Walnut Hills Elementary uses multi-age grouping in classrooms


By Kelli Ameling • Last Updated 2:13 pm on Thursday, September 29, 2011

Daily News/Kelli Ameling Jeanne Strohkirch had her first- and second-graders gather on the floor at Walnut Hills Elementary School on Monday while she gives examples of what different editing marks look like.

GREENVILLE – Walnut Hills Elementary School had to get creative to teach its students due to budget cuts.
Because of budge cuts, some teachers were laid off and the school had to look at how they were going to teach the same amount of children with fewer teachers.
New this year, the elementary school decided to use a technique called multi-age grouping within some of the classrooms.
“Most people think of a split classroom, but it’s different,” said Principal Susan Ayres.
Multi-age grouping within classrooms is where students are grouped so the age span of the class is more than one year or grade. Programs are planned that are developed appropriately for each student regardless of their age or grade level.
“In education, whether it’s a traditional first-grade classroom or a multi-age classroom, there are always many levels of learners,” said Teresa Nord, a first- and second-grade teacher.

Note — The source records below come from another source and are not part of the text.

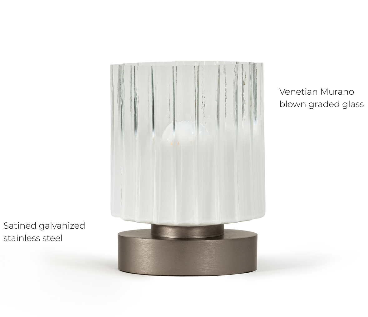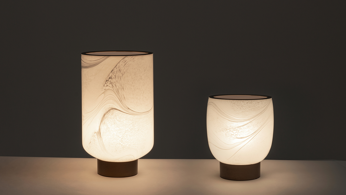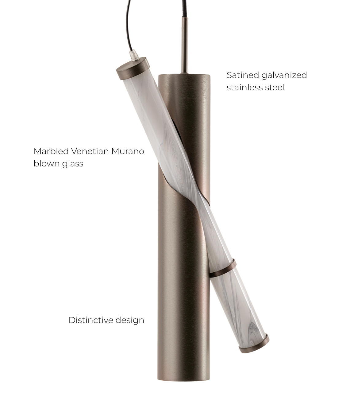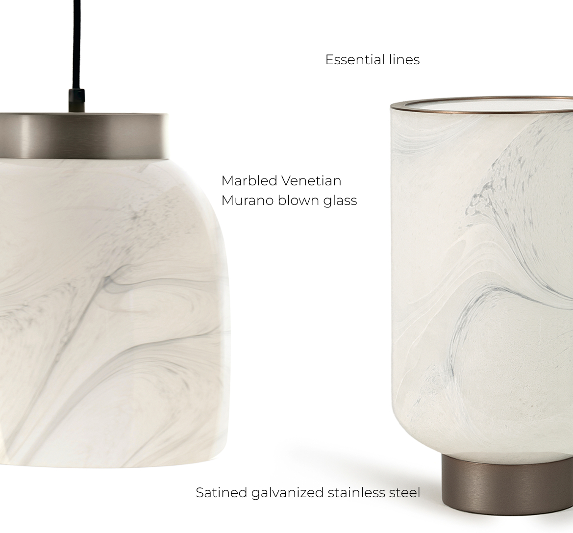 Ramses evokes elegant simplicity and sculptural balance. Minimalistic yet irresistibly chic, this range of chandeliers and lamps feature essential lines and refined tones thanks to the Marbled Venetian Murano blown glass and details in satined galvanized titanium finish stainless steel, creating a sophisticated interplay of texture.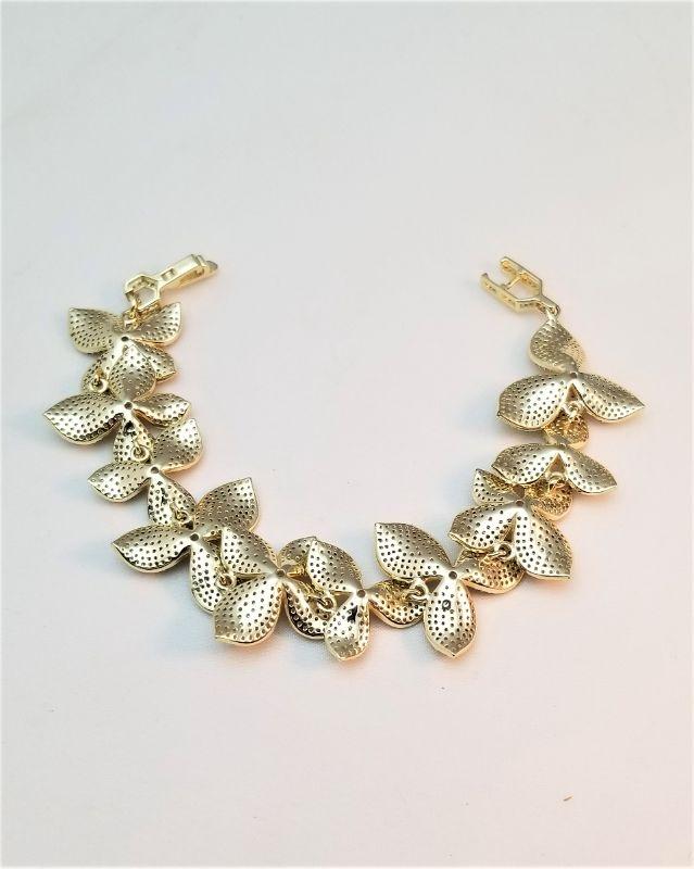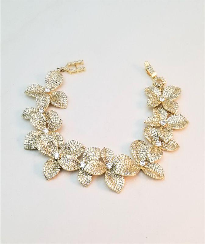 So pretty and delicate - sterling silver overlaid with gold plating - floral design - set with many small sparkly cz's. Measures about 7.25" long counting the clasp. Quality construction. Weighs 1.03 ounces.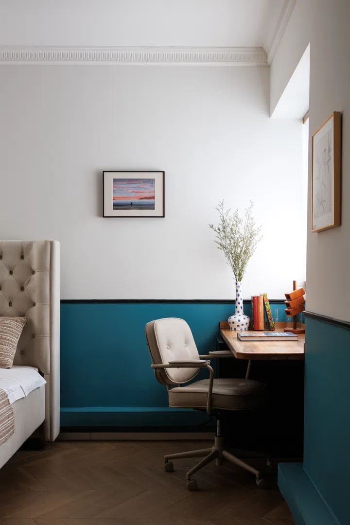 In her youngest son’s room, she introduced a half height cabinet with wheels in one corner, which can be converted into a desk when he is older. In all the bedrooms, only the lower half of the walls are painted to maintain a balanced look without overwhelming the rooms.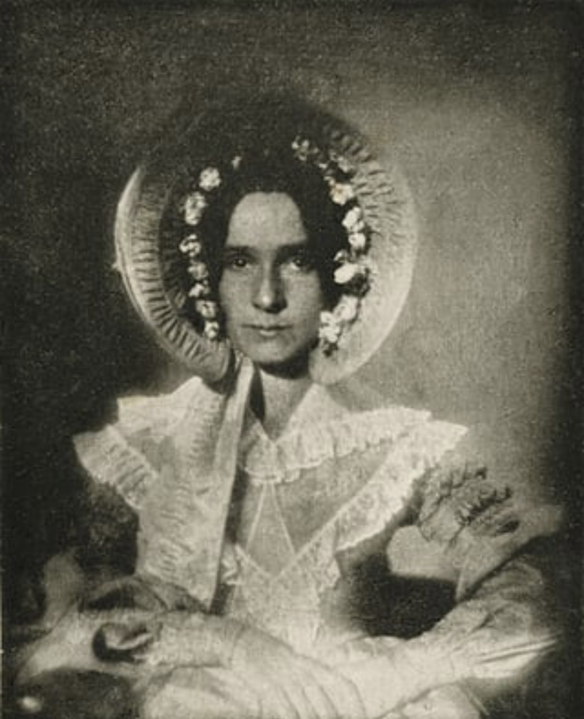 The picture was taken by her brother John Draper in 1840. Draper took the first known photographs of living people. His sister Dorothy was required to dust her face with white flour to enhance the contrast and pose unblinking for a 65-second exposure. (This is much harder than we might think. On average, people blink 15-20 times per minute!)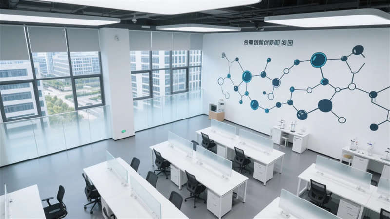 物流中庭的挑空設計打破廠房尺度壓迫感,懸掛式數(shù)據(jù)看板如抽象藝術(shù)品,與玻璃穹頂投下的天光共構(gòu)科技禪意。研發(fā)區(qū)可移動實驗裝置墻體現(xiàn)柔性生產(chǎn)理念,分子結(jié)構(gòu)藝術(shù)墻繪暗喻制造背后的科學探索。

Walnut Hills uses this technique in combining two different levels of grades into one classroom for subjects.
“It’s based on skill, it’s not set up like a split (classroom),” Ayres said.
A split classroom is designed to have two different grade levels working in the same class, but not on the same assignments. While one grade is being instructed on one subject, the other is doing something different.

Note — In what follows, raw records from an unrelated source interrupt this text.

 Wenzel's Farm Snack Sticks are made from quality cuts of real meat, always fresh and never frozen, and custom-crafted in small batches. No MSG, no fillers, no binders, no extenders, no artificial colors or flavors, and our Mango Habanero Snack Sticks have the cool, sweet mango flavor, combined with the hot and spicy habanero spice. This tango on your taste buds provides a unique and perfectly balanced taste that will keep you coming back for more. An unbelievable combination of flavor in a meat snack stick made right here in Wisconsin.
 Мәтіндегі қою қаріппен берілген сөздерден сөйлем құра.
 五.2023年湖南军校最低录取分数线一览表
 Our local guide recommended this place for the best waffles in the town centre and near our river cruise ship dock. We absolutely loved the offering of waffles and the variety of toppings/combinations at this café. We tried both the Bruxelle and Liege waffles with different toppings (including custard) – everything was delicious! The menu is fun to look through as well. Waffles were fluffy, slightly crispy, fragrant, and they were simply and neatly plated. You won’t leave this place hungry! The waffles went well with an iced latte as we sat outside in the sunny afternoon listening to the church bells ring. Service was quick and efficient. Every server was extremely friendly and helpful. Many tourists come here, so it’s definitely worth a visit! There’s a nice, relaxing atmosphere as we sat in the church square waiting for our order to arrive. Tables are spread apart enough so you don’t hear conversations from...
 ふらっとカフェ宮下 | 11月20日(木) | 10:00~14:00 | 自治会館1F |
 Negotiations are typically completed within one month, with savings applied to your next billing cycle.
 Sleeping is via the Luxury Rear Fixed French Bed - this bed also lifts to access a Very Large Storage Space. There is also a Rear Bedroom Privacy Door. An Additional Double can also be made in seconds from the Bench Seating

“With a multi-age classroom, I am able to look at the students, not their age or grade, and group them and their learning according to their abilities,” Nord said.

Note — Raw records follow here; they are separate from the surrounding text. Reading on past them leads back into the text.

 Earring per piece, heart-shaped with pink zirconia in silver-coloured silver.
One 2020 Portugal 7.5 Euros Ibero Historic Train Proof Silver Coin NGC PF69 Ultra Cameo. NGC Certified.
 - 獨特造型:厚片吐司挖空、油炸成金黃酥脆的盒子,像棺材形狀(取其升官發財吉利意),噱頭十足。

If a first-grader is very strong in math, Nord said she does not have to spend time on teaching them first-grade skills he or she already knows. Nord can teach that student at a higher-level skill.
“At the same time, I don’t have to push forward another student that is ready for the first-grade skills,” she said.
The multi-age grouping also is designed to have the older children mentor the younger children. They are role models that help the younger students, but the teachers do the teaching, Ayres said.
“I love the fact they are small groups working together,” Ayres said. “There is the ability to dive deeper into concepts.”
Nord said the older students love to help others and are aware of routines, procedures and expectations.
“When they are done with their work, they often go to another student on their own to see if they can help,” Nord said. “And the younger students that are being challenged academically, feel great success in working with older students and doing the same things.”
Currently, under the multi-age grouping, the fourth- and fifth-grade students are being taught social studies and science at the fifth-grade level. Next year, the new fourth- and fifth-grade students will be taught at the fourth-grade level.
“This is definitely a two-year commitment,” Ayres said because of the schedule.
The school is learning about the process as it goes, but Ayres said Walnut Hills did a lot of research on multi-age grouping in the classroom before trying it.
Ayres said the hardest part was communicating with parents about the change and how the new techniques were going to work.
“It wasn’t perfect timing, but it’s a good opportunity for the kids,” she said. “The teachers work so hard to make it the best opportunity for the kids.”
Although Walnut Hills has the multi-age grouping as an option, there are some full-grades set aside for those students or those parents who do not want their child to be in the multi-age classroom.
Walnut Hills Elementary is currently the only Greenville elementary school participating in the multi-age grouping within classrooms.